[Records excerpted from a collection]
——————————

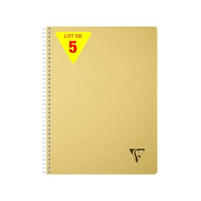 SET OF 5 STRAWBERRY YELLOW NOTEBOOKS, a natural, delicate colour to match your decor! Ideal for school lists, schools and communities. LARGE FORMAT: the standard, for a larger surface for expression THICK, TRANSLUCENT POLYPRO COVER: for high resistance to handling, with a grooved texture for an original feel and premium finish SWEET WRITING: SUPERIOR QUALITY Clairefontaine White Velvet Vellum 90 g/m² paper with remarkable opacity and strength. REINFORCED WHITE DOUBLE SPIRAL: allows full aperture, ideal for double-sided sheet use MADE IN FRANCE and PEFC CERTIFIED: for sustainable forest management
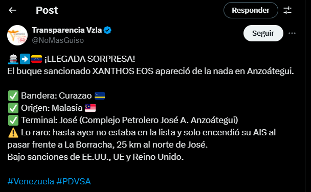 La ONG Transparencia Venezuela denunció en su cuenta oficial de X, la llegada inesperada del buque «XANTHOS EOS» al Complejo Criogénico de José Antonio Anzoátegui, uno de los principales terminales de exportación de crudo de Pdvsa.
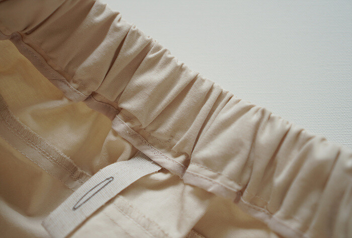 허리전체 시접은 코튼 소재로 바이어스 마감되어 있으며,
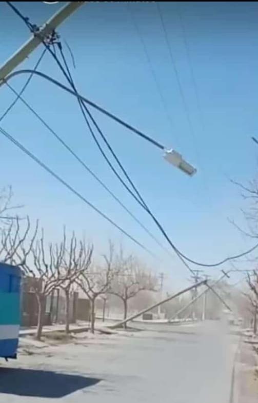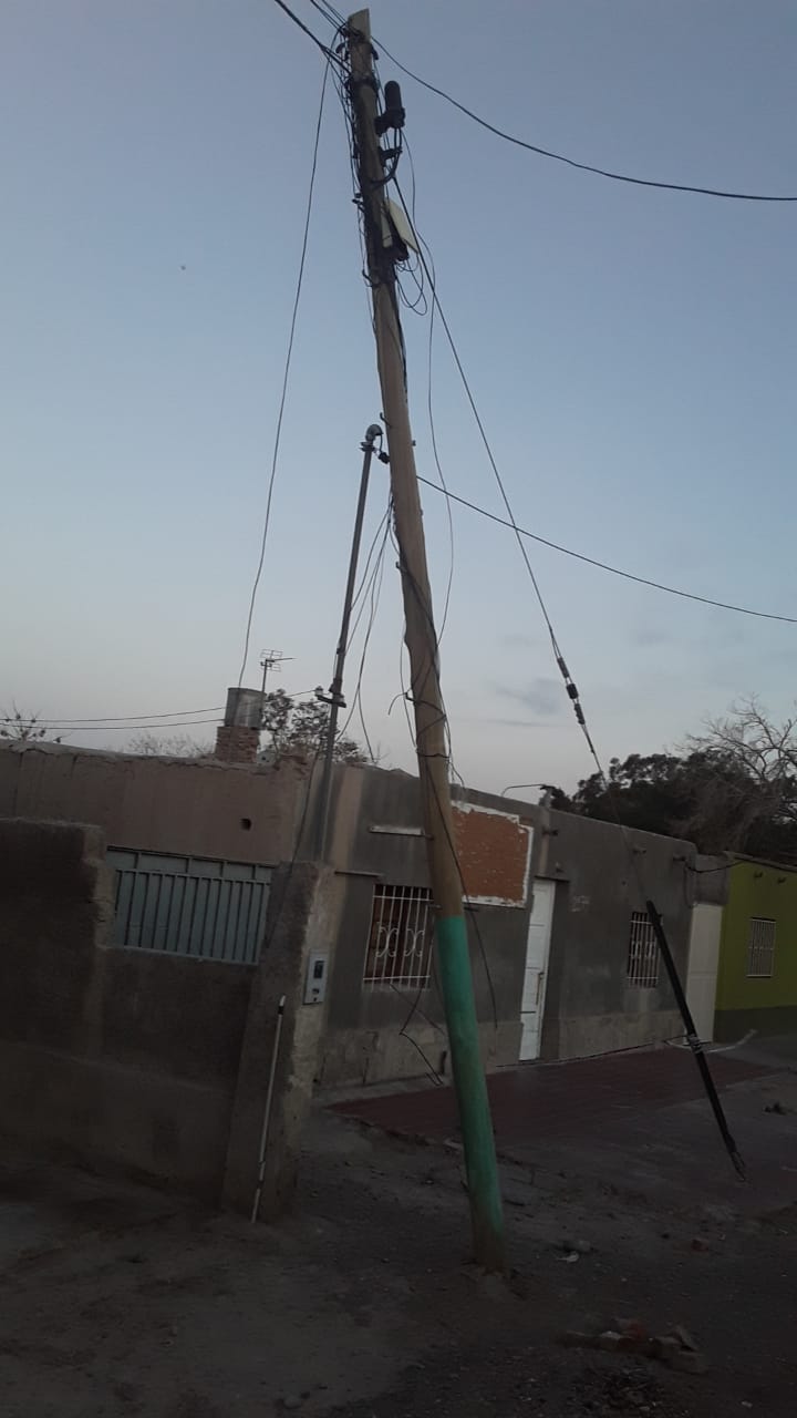 *En el interior de Villa Santa Anita, en Rivadavia, se reportó la caída de un poste de luz sobre una vivienda sin que acarreara mayores daños, pero sí se cortó el servicio eléctrico.
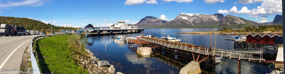Für uns unbemerkt überschreiten wir heute auf einer Fähre, mit einem deutschen Motorradfahrer plaudernd den Polarkreis. Heute Nacht geht für uns das erste Mal seit Wochen wieder die Sonne unter. Da das aber irgendwann zwischen 1 und 3 Uhr nachts passieren wird, werden wir davon wahrscheinlich nichts mitbekommen.
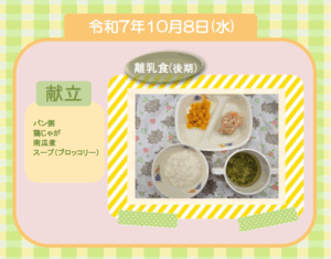 今日の給食(離乳食 後期) 令和7年10月8日
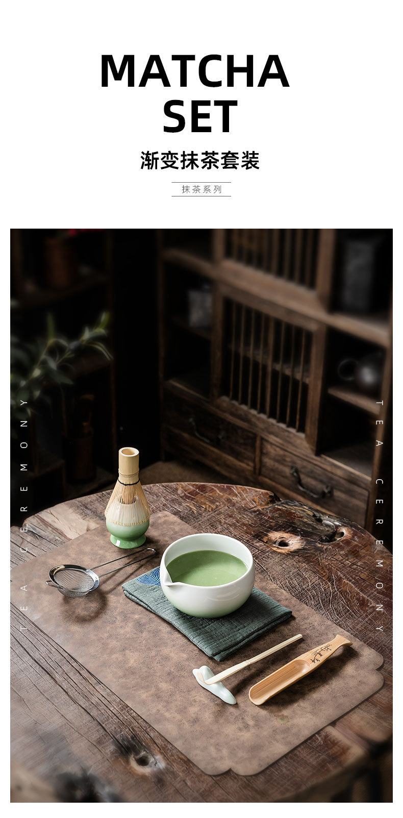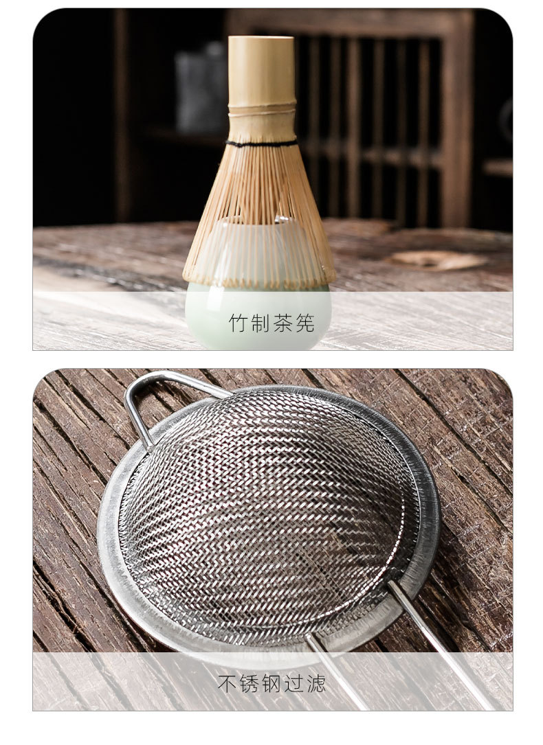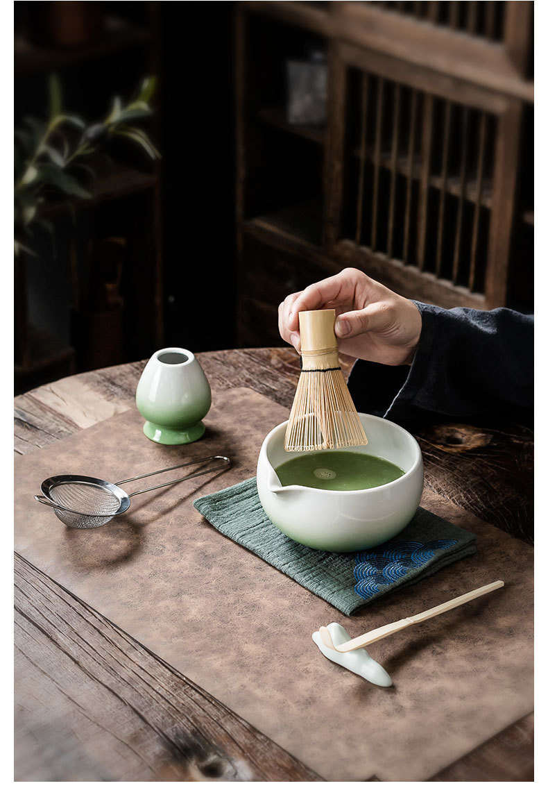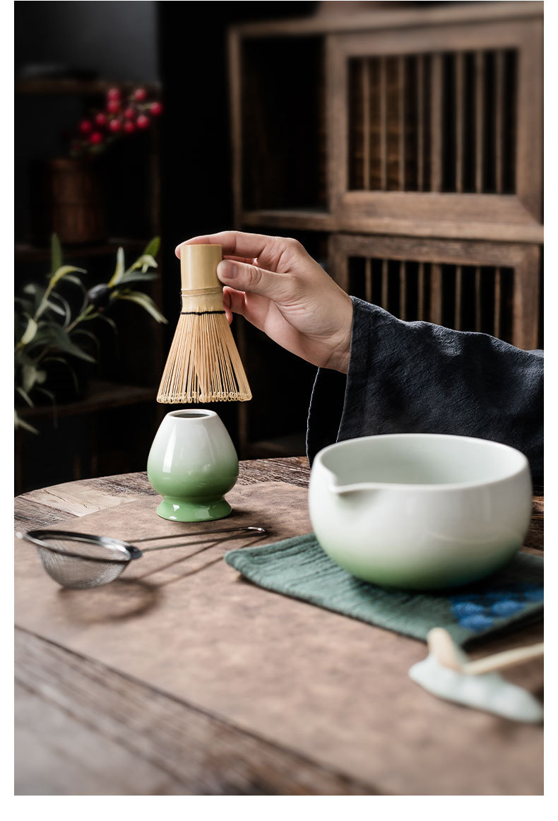 - Bộ 8 món matcha bán buôn, chén trà gốm sứ màu chuyển sắc, bộ dụng cụ pha trà thời nhà Tống, gồm chổi đánh trà, rây lọc, bàn chải trà

——————————

Beginning with the line where "今日の給食(離乳食 後期) 令和7年10月8日" appears, restate word for word every line down to the last one in the data, but keep the pictures out.

 今日の給食(離乳食 後期) 令和7年10月8日
 - Bộ 8 món matcha bán buôn, chén trà gốm sứ màu chuyển sắc, bộ dụng cụ pha trà thời nhà Tống, gồm chổi đánh trà, rây lọc, bàn chải trà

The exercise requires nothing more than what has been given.